Find the line containing "-From the Names", then return it and every line after it through the end of the records, exactly. Leave out pictures.

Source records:
::::
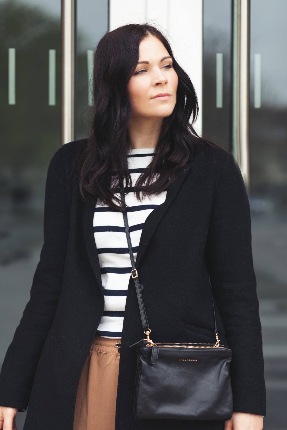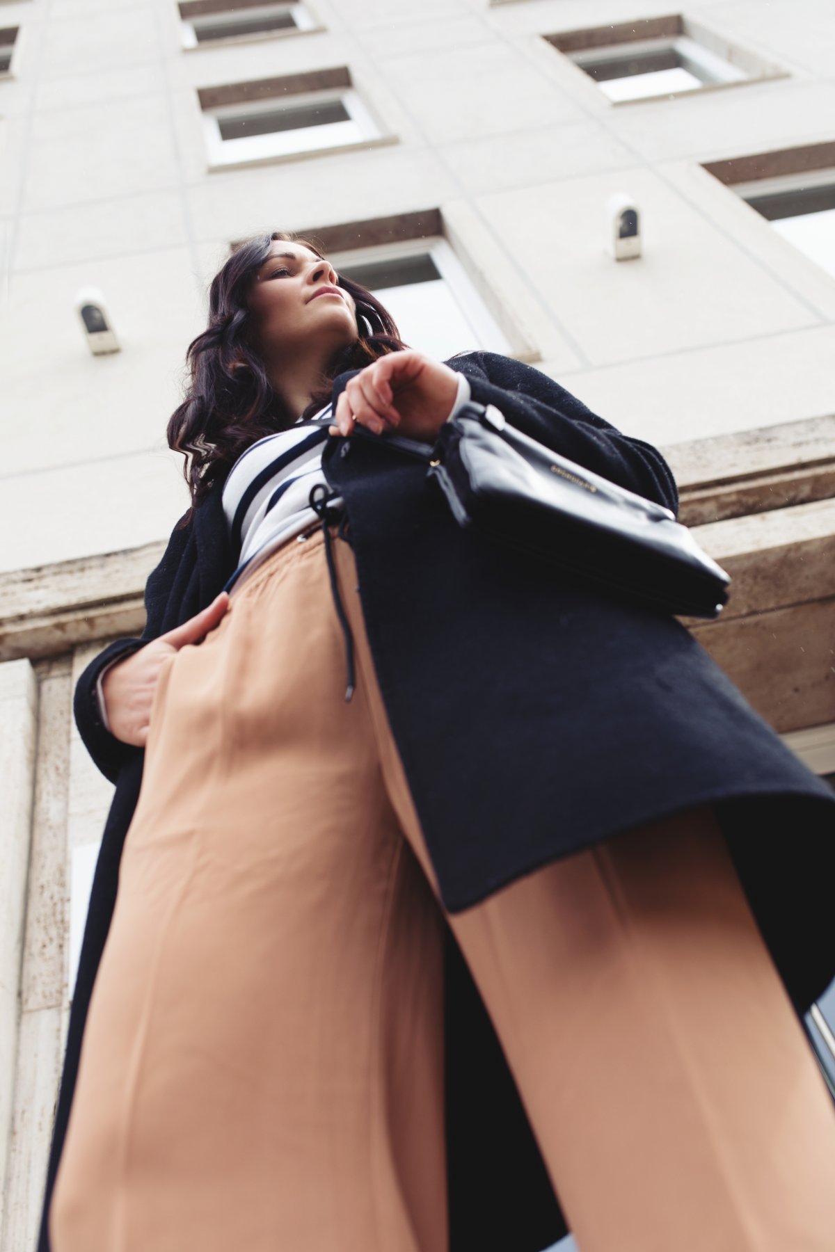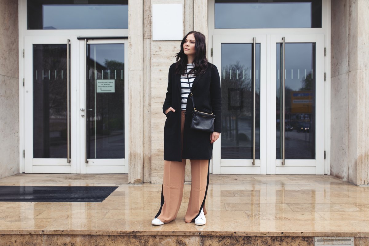 Weil das Wetter derzeit eher an Herbst als an Frühling erinnert, trage ich zu meinem Jogginghosen-Look einen schwarzen Mantel von Zara. Der zeitlose Mantel verleiht dem ganzen Look eine alltagstaugliche Chicness, die sich sehen lassen kann. Auch die kleine, schwarze Trio-Bag von Cosmoparis, ist ein eleganter Eyecatcher bei diesem Style.
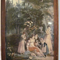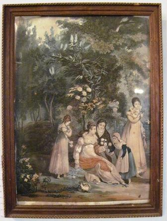 - Litografía coloreada (estampación e augatinta) que representa escena familiar de estética romántica nemorosa. Incompleta, pois carece de extremo dereito, trátase dunha obra do gravador Jean-Pierre Marie Jazet (1788-1871), Le Printemps, sobre un deseño do ilustrador Pierre Martinet (1781-18…) que formaba parte dunha serie de catro gravados dedicados ás estacións do ano saídas do prelo parisién de Basset o ano 1817.
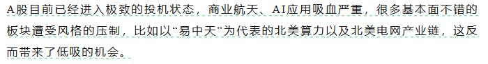 前几天的文章主要提了两个观点:其一,A股进入极致投机的状态,要小心管理层降温;其二,由于市场投机盛行,题材股对部分有业绩的板块吸血,这反而带来了机会。而这两点在这两天得到了兑现,昨天证监会提高融资保证金比例,商业航天、AI应用跳水,但是半导体、北美算力、电网设备等板块却大幅走强,特别是今天午盘半导体设备、光模块、pcb上游材料等细分板块爆拉,中际旭创一度涨超7%,特变电工涨超6%。
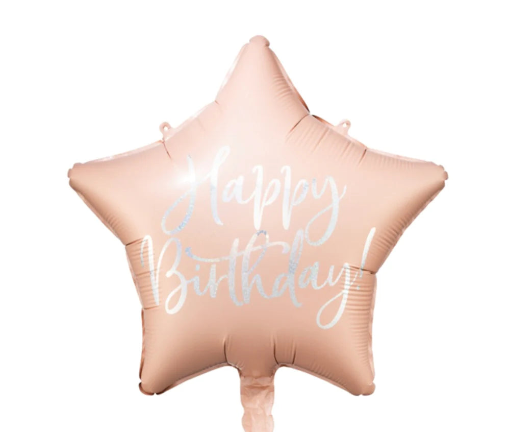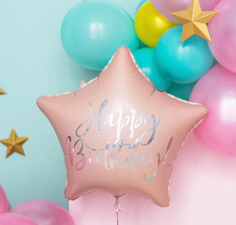 Glossy foil balloon in shape of star in light powder pink colour with gold metallic inscription Happy Birthday, size before inflation approx.
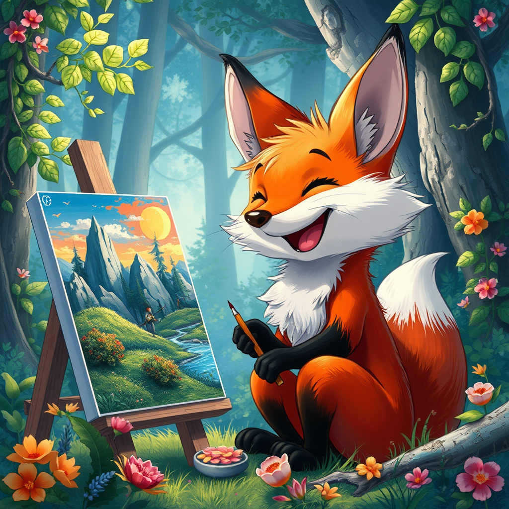 A joyful and animated fox engrossed in crafting a vivid landscape painting, the scene bursting with an array of vibrant colors and intricate details. The artwork captures the enchanting style of Studio Ghibli, with influences from Bastien Lecouffe-Deharme, set against a whimsical forest backdrop. This fantasy illustration showcases the fox's delightful expression and creative spirit, surrounded by an array of lush greenery and fantastical elements, evoking a sense of wonder and magic.
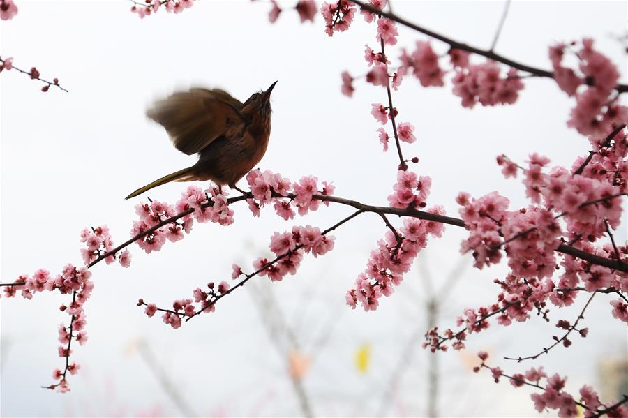 Photo prise le 14 mars 2019 montrant un oiseau sur un arbre en fleurs dans un jardin écologique à Zunyi, dans la province chinoise du Guizhou (sud-ouest). (Xinhua/Mu Mingfei)
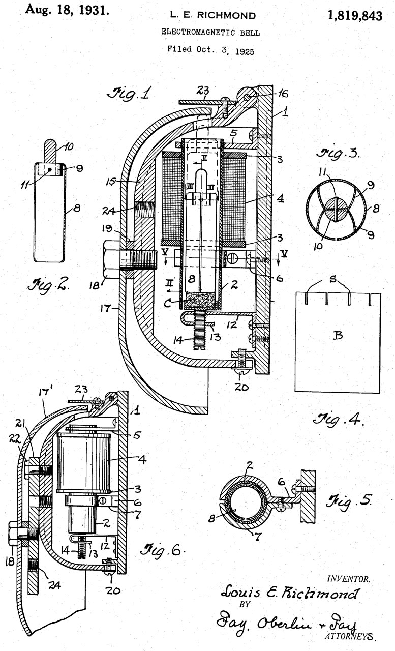 534908 Electric Signaling Apparatus, B.J. Noyes, Feb 26, 1895, 340/294 -claim is the addition of a bell, mot the register itself.
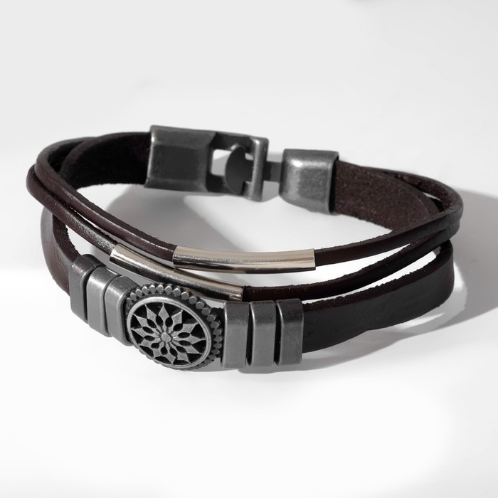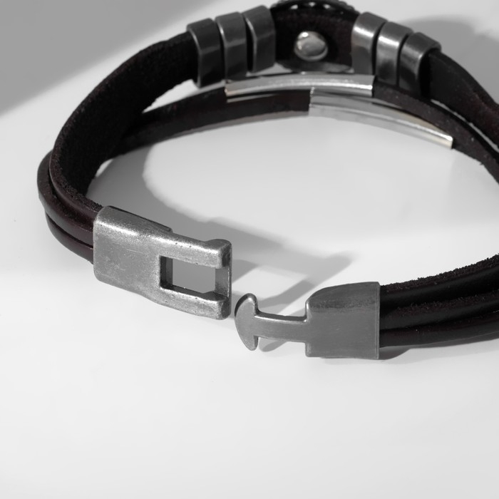 Браслет мужской «Компас», цвет коричневый с чернёным серебром, 20,5 см
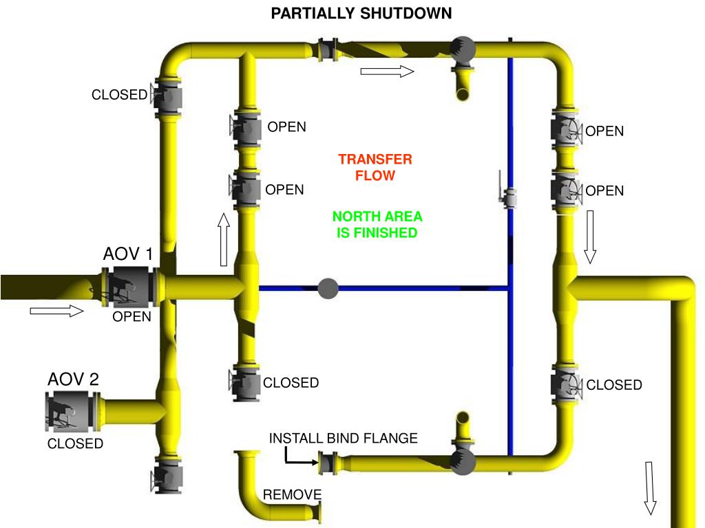 PARTIALLYSHUTDOWN CLOSED OPEN OPEN TRANSFER FLOW OPEN OPEN NORTH AREA IS FINISHED AOV 1 OPEN AOV 2 CLOSED CLOSED INSTALL BIND FLANGE CLOSED REMOVE
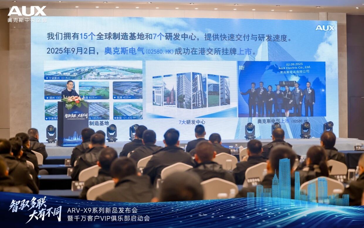 11月28日,奥克斯中央空调正式发布ARV-X9系列多联机。本次发布会以“智驭多联 大有不同”为主题,同步启动了“商用千万客户VIP俱乐部”,并与十家核心合作伙伴代表完成战略签约,这不仅是一次新品亮相,更是奥克斯在商用领域面向新一代建筑环境需求的技术与生态布局。
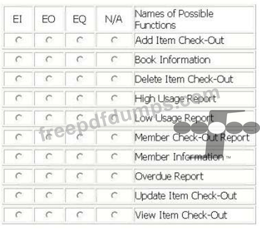 -From the Names of Possible Functions listed identify the transactional functions for the current Library Check-Out application. Select N/A if a Name of Possible Function does not apply.
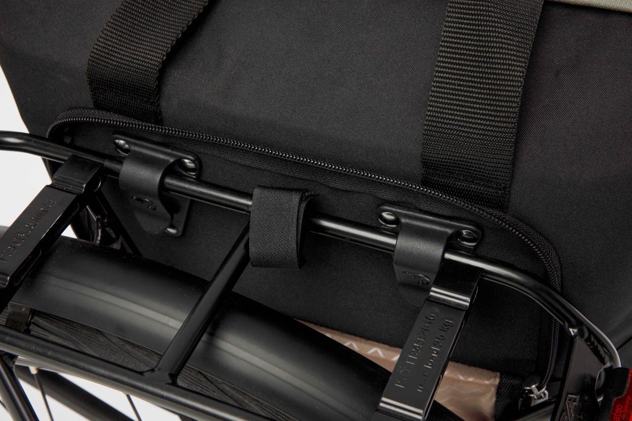 U bevestigt de fietstas met twee kunststof New Looxs-haken en klittenband aan uw bagagedrager. Het voordeel van deze haken is dat u de tas snel op de fiets zet en hem er net zo makkelijk weer vanaf haalt. De haken zijn gebogen en niet verstelbaar. Wanneer u te voet verder gaat, kunt u de haken van de tas afdekken achter een flap met een rits. Dankzij de brede nylon handvaten draagt de tas comfortabel.
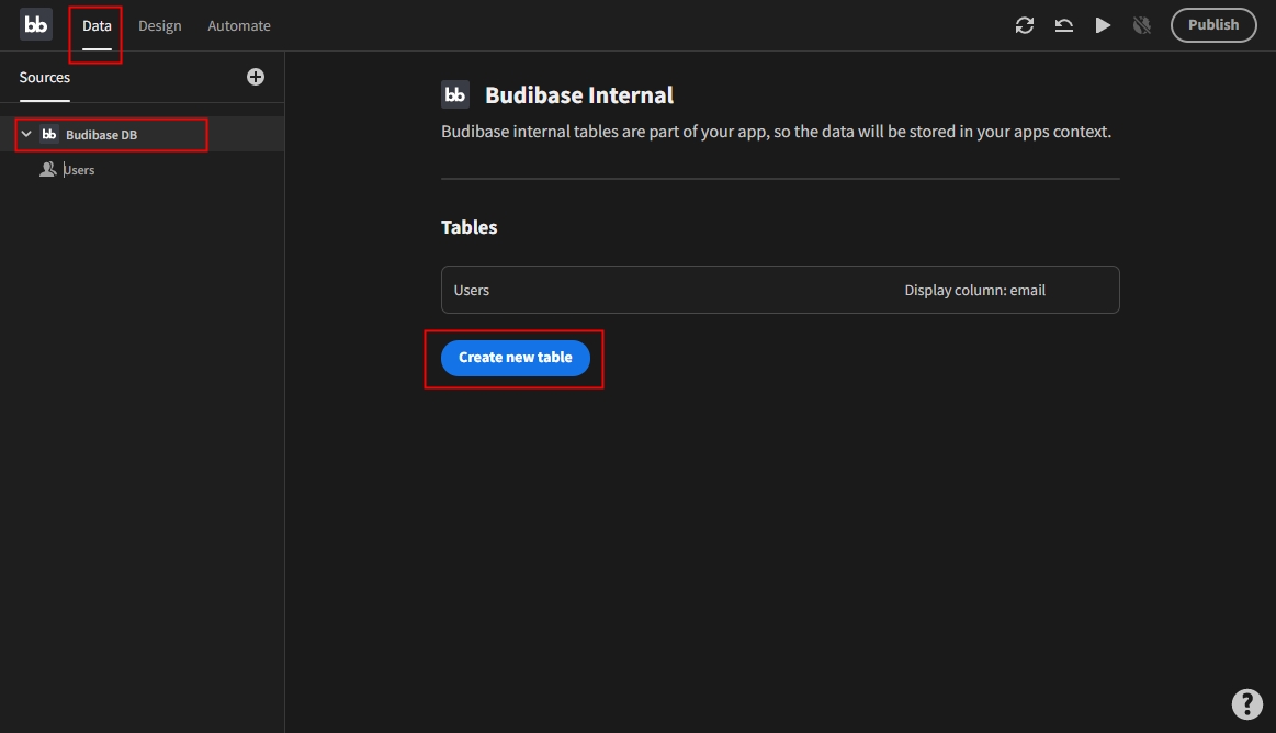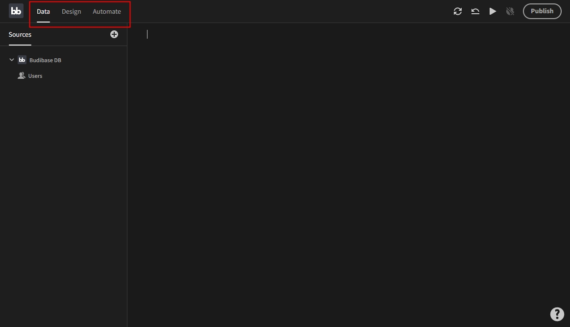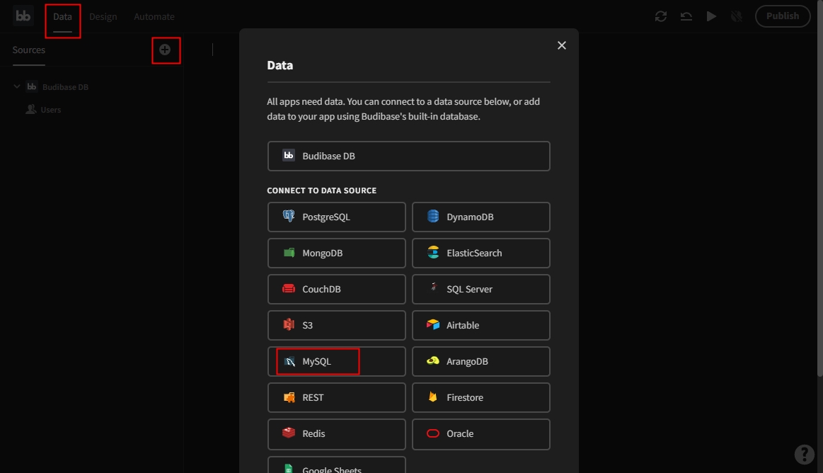 Data: 管理数据源,支持 Budibase 内部建表进行数据建模,也支持连接外部数据源
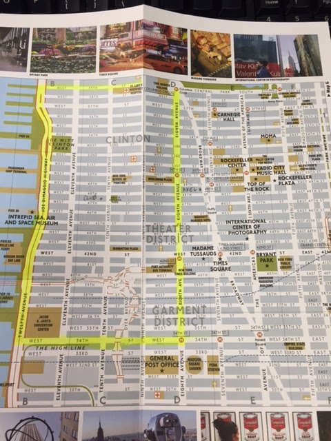 On a recent bookstore visit, I purchased a couple of maps for my current WIP, which is set in Hell’s Kitchen in New York City. I find I’m particularly fond of Knopf Mapguides with the fold out maps because you get a really good bird’s eye view of the city itself. Plus they have it sectioned off by areas so it makes it super handy when working in a small grid like I am. AND it’s small enough to fit into my purse so I carry it everywhere.
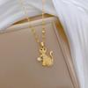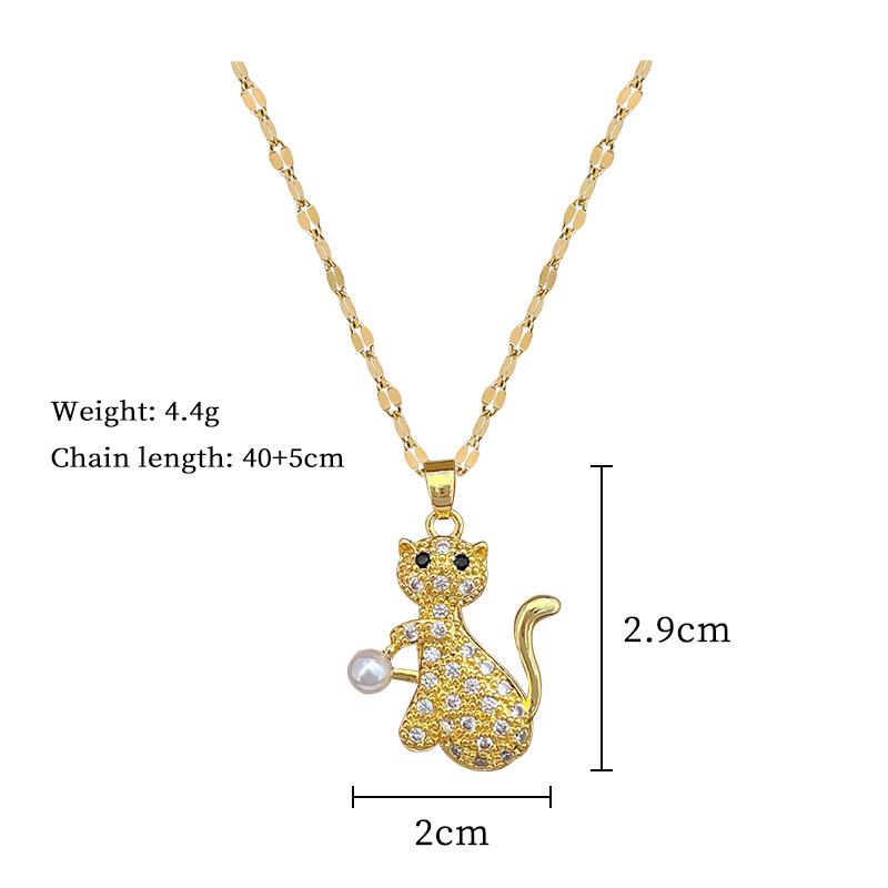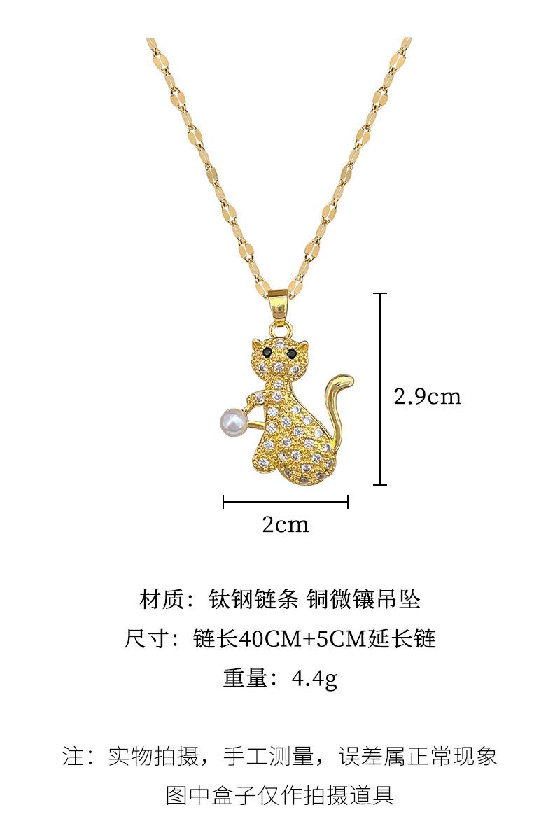 [Acero de titanio] Collar de diamantes elegante y lujoso con diseño de gato perlado, cadena de clavícula para mujer, cadena de acero de titanio.
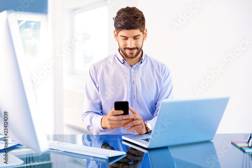 Confident businessman using his mobile phone and text messaging while working on laptop
::::
FINAL ANSWER:
 -From the Names of Possible Functions listed identify the transactional functions for the current Library Check-Out application. Select N/A if a Name of Possible Function does not apply.
 U bevestigt de fietstas met twee kunststof New Looxs-haken en klittenband aan uw bagagedrager. Het voordeel van deze haken is dat u de tas snel op de fiets zet en hem er net zo makkelijk weer vanaf haalt. De haken zijn gebogen en niet verstelbaar. Wanneer u te voet verder gaat, kunt u de haken van de tas afdekken achter een flap met een rits. Dankzij de brede nylon handvaten draagt de tas comfortabel.
 Data: 管理数据源,支持 Budibase 内部建表进行数据建模,也支持连接外部数据源
 On a recent bookstore visit, I purchased a couple of maps for my current WIP, which is set in Hell’s Kitchen in New York City. I find I’m particularly fond of Knopf Mapguides with the fold out maps because you get a really good bird’s eye view of the city itself. Plus they have it sectioned off by areas so it makes it super handy when working in a small grid like I am. AND it’s small enough to fit into my purse so I carry it everywhere.
 [Acero de titanio] Collar de diamantes elegante y lujoso con diseño de gato perlado, cadena de clavícula para mujer, cadena de acero de titanio.
 Confident businessman using his mobile phone and text messaging while working on laptop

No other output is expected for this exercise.